Source records
════════

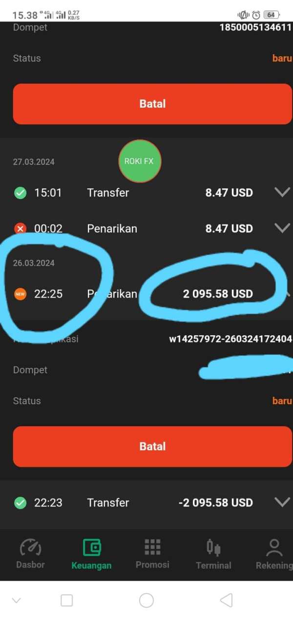 penarikan 2000$ lebih belum dibayarkan
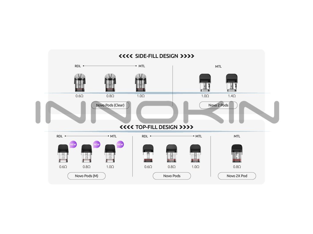 Současně přichází na trh i nová řada podů NOVO M a NOVO SLR, které doplňují stále rostoucí platformu NOVO cartridgí. Díky tomu můžete vybírat ze široké nabídky různorodých typů, které jsou zpětně vzájemně kompatibilní a nabízí různé způsoby plnění, tradiční spirálku i mesh pletivo. Verze „M“ má vylepšený tvar náustku a inovovanou nabídku odporů. „SLR“ se může pochlubit inovativním plnícím otvorem s uzavírací membránovou pružinkou.
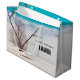 Gift bag with a gorgeous photograph. Tropical blue water and foamy surf in the background. A collection of seashells and stems set on a white sandy beach.
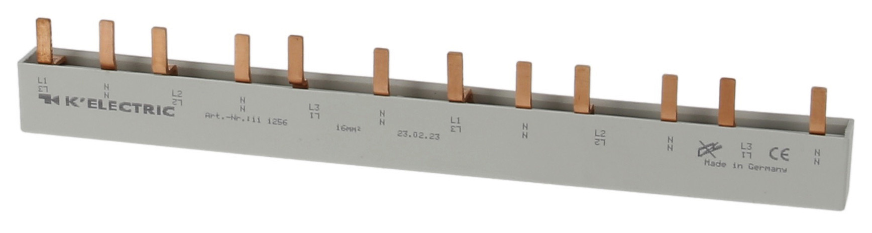 | Kurzbeschreibung | Steg-Verdrahtungsschiene, 4-polig, L1,N,L2,N,L3,N, 16mm², 12TE, zzgl. Metallzuschläge |
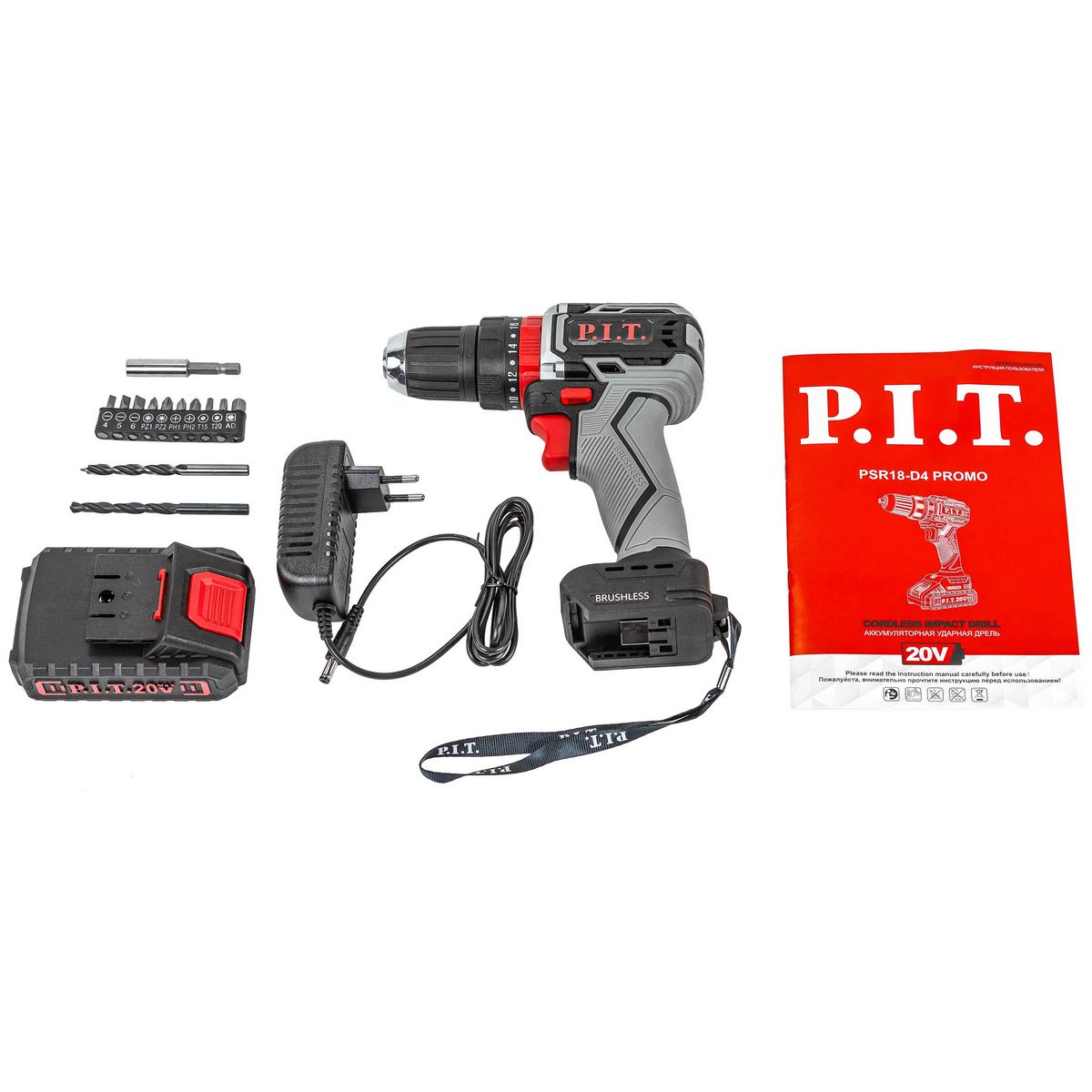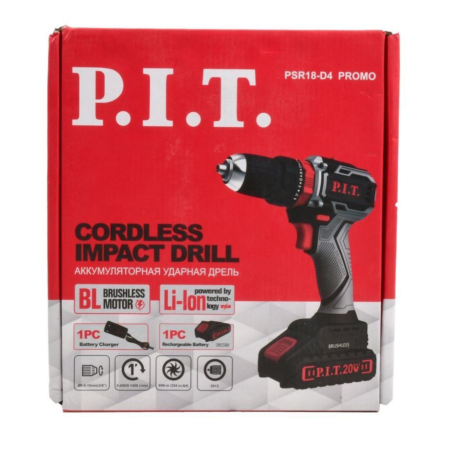 - Аккумуляторная дрель-шуруповерт: бесщеточная модель P.I.T. PSR18-D4.
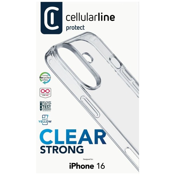 Priehľadný zadný kryt s ochranným rámom Cellularline Clear Duo pre Apple iPhone 16
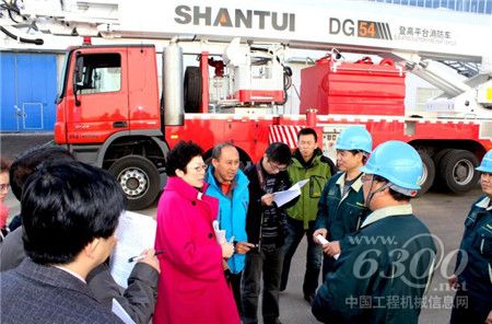近日,抚顺市科技局局长金亚兰、市财政局副局长杨丽波一行7人到山推抚起公司,就登高平台消防车DG54科技项目立项开展调研工作,抚起公司总经理周方翔陪同参观公司车间现场。
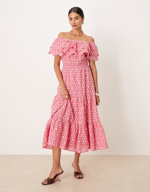 Lovedrobe – Midikleid in Rosa mit Stickerei und Carmen-Ausschnitt
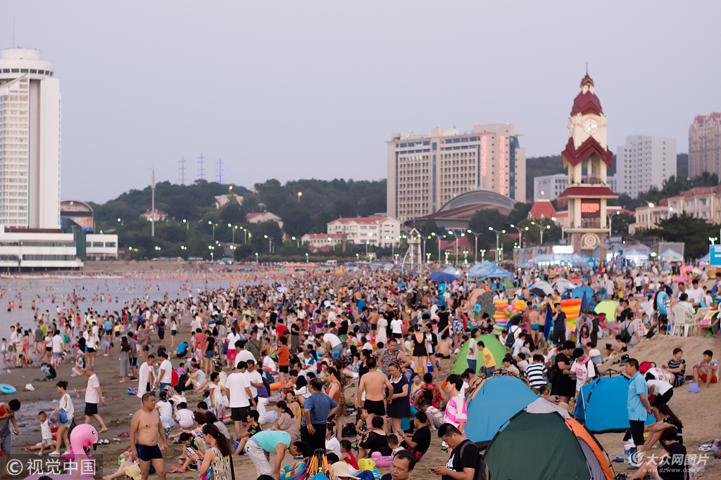2018年8月4日,山东烟台,傍晚时分,不少市民避开白天的烈日来到海水浴场下海乘凉。图片作者:刘臣臣/视觉中国
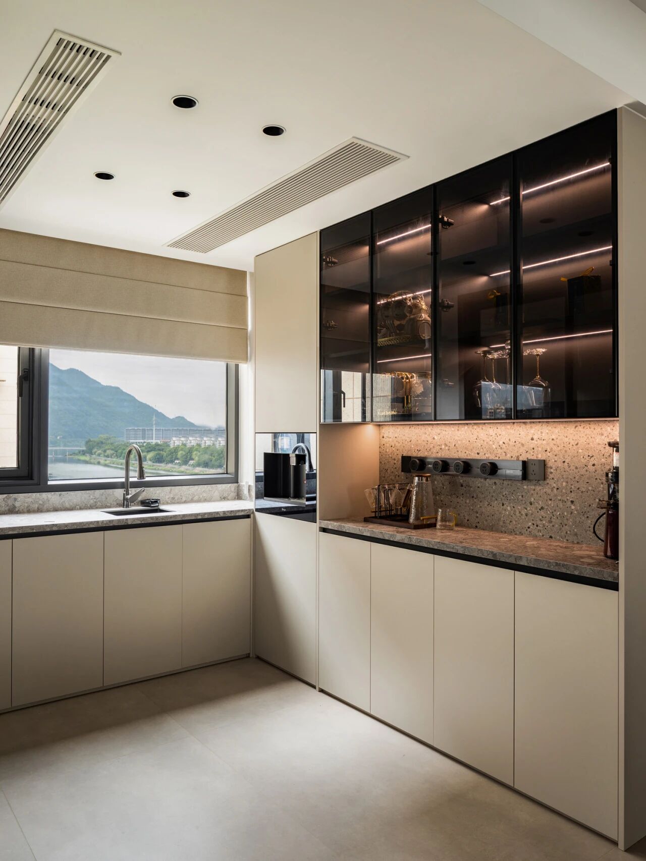 而对于喜欢收集漂亮杯子的人来说,餐边柜可以单独做一个展示杯子的区域,装上玻璃柜门,美观又防尘。
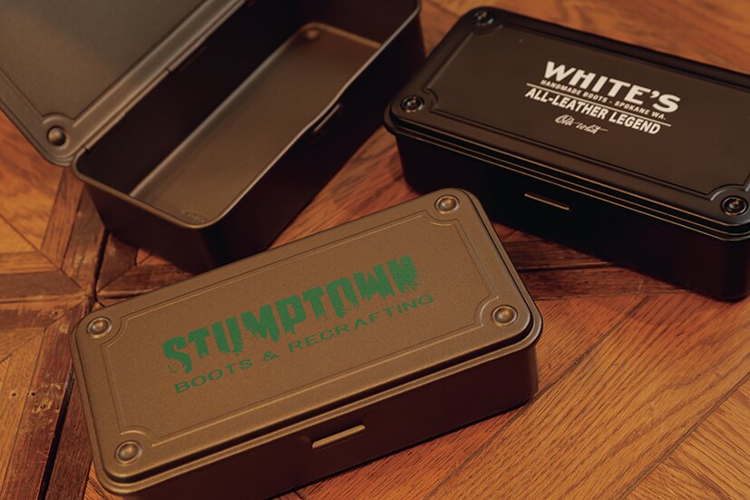 オープン記念のノベルティとして作られた東洋スチール社製の小型トランク工具箱もワークブーツ専門店らしさ全開。

════════

### WORK INSTRUCTION
Print, exactly and only, the lines running from the line with "而对于喜欢收集漂亮杯子的人来" through the last line of the data, including both. Skip any picture.

### ANSWER TO THE EXERCISE
 而对于喜欢收集漂亮杯子的人来说,餐边柜可以单独做一个展示杯子的区域,装上玻璃柜门,美观又防尘。
 オープン記念のノベルティとして作られた東洋スチール社製の小型トランク工具箱もワークブーツ専門店らしさ全開。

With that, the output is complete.